United, we stand divided...

It seems the only thing Israeli society has in common is prejudice against ‘the other’.

Gay pride in Israel (Jerusalem) 311 (photo credit: REUTERS)
Gay pride in Israel (Jerusalem) 311
(photo credit: REUTERS)
I have spent far much too much time over the past 13 years consoling Israeli friends and colleagues about offense caused to their community by other groups of Israeli citizens and state institutions. However, it seems that the past few weeks have set a new record with few groups left unscathed.
Israeli-Ethiopians were the target of a racist campaign in Kiryat Malachi, Arab- Israelis were let down by the Supreme Court’s majority decision to uphold restrictions on their home-making with (non-Israeli) Palestinians, Israel’s haredim (ultra-Orthodox) were affronted by being lumped-in with an extremist minority in Beit Shemesh. Israeli women across the spectrum were more or less horrified at their increasing exclusion from public spaces.
Admittedly, I haven’t had to console any friends and colleagues from the LGBT, progressive, Russian, Mizrachi or settler communities this past week in the face of generalized vilification – but I fear I will have adequate opportunity over the coming weeks.
Taken as a whole, it is safe to assume that an overwhelming majority of Israel’s 7.7 million citizens have quite frequently found themselves the victims of crude generalizations, prejudice and stereotypes at the hands of other groups of their fellow citizens.
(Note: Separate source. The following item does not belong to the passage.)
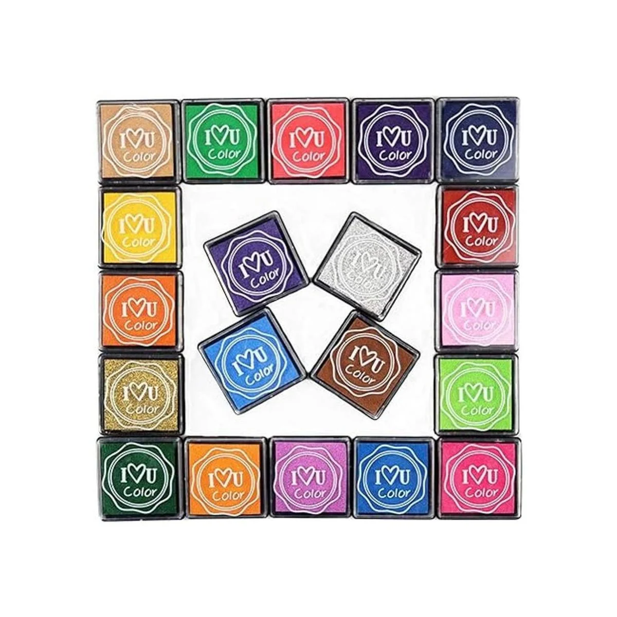 La almohadilla de tinta para sello infantil con 20 colores diferentes, y cada tamaño es de 1.57 x 1.57 x 0.43 pulgadas. Varios colores permiten que los niños usen su imaginación, creando una gran pintura de dedos.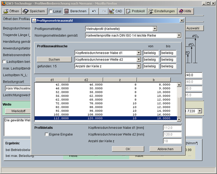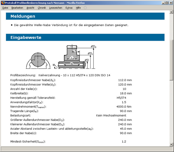 El cálculo de resistencia para los acoplamientos de ejes acanalados según Niemann “Elementos de máquinas” Tomo 1, Edición 2001. se realizará según las normas DIN ISO 14 (para cargas ligeras y medianas), DIN 5464, DIN 5471 y DIN 5472. Las dimensiones pueden ser seleccionadas directamente desde nuestra base de datos o identificadas por medio de la búsqueda de perfil. Adicionalmente se pueden ingresar perfiles que no estén estipulados en la norma.

The fact that experiences like these are shared by so many is obviously a source of great personal upset and collective concern for the future of Israeli society, but also possibly a paradoxical source of some hope. But only if we all – together, as Israeli citizens – begin to take shared responsibility for what currently feel like our particular misfortunes. The reality is that the corrosive state of intergroup relations in Israel is not only about particular attitudes toward Arabs, secular, religious, orthodox and progressive Jews, gays and heterosexuals, immigrants and veterans, men and women; it is also about our overwhelmingly negative attitudes to everyone different from ourselves.
I have long got over my surprise that even members of obviously weaker groups in Israeli society who routinely suffer from prejudice, like Arabs, Ethiopians and the LGBT communities, are – by the admission of many friends and colleagues from these communities – at least as prejudiced toward each other as are their tormentors towards them.
Laws and their enforcement against prejudice and discrimination are important, but these should be generalized, not particularized. We often hear calls after racist incidents to draft new laws to protect a certain group and its rights, but that trend could continue ad absurdum. If we were to learn of discrimination against a gay Ethiopian blind person, should we draft new laws to ban that?
TO MAKE progress we have to understand that all these attacks are inter-connected by shared negative attitudes to “others,” held by many or all groups across Israeli society. We need to cultivate a collective culture of acceptance of diversity. This is not only of basic moral importance, but according to all our traditions, it is absolutely essential for our collective survival and success as we are all part of a society which is, above all else, characterized by its diversity.
Recent research conducted for a major society-building initiative called Kulanana, which my organization is leading, shows the extent of the problem. In Israel, fear of “others” is high, familiarity is low and attitudes are generally negative. Indeed it is important to understand the close and poisonous relationship that exists between the separate lives we live – in our homes, schools, the IDF and in the work-place – and both our fears and prejudices.
This is not the place to discuss the many powerful historical and contextual causes of this situation, of which – quite clearly – the unresolved regional conflict is a dominant factor.
However, faced with the threat of still-greater fragmentation, this is certainly the time to call for a broad recognition of our overwhelmingly shared shortcoming as concerns our attitudes to others. We urgently need to begin to work hard – together! – to develop educational, social, economic and other strategies to overcome our shared attitudinal barrier to a higher quality of life for all of us and the collective success of Israeli society and the State of Israel.
Key to making change is the creation of many more opportunities for Israelis of all backgrounds to gain a comfortable familiarity. From experience, this will quickly reveal shared identities, values and interests, reduce our prejudices and fears, and pave the way to building a far better shared future.
The writer is director and founder of Merchavim – the Institute for the Advancement of Shared Citizenship in Israel and initiator of Kulanana.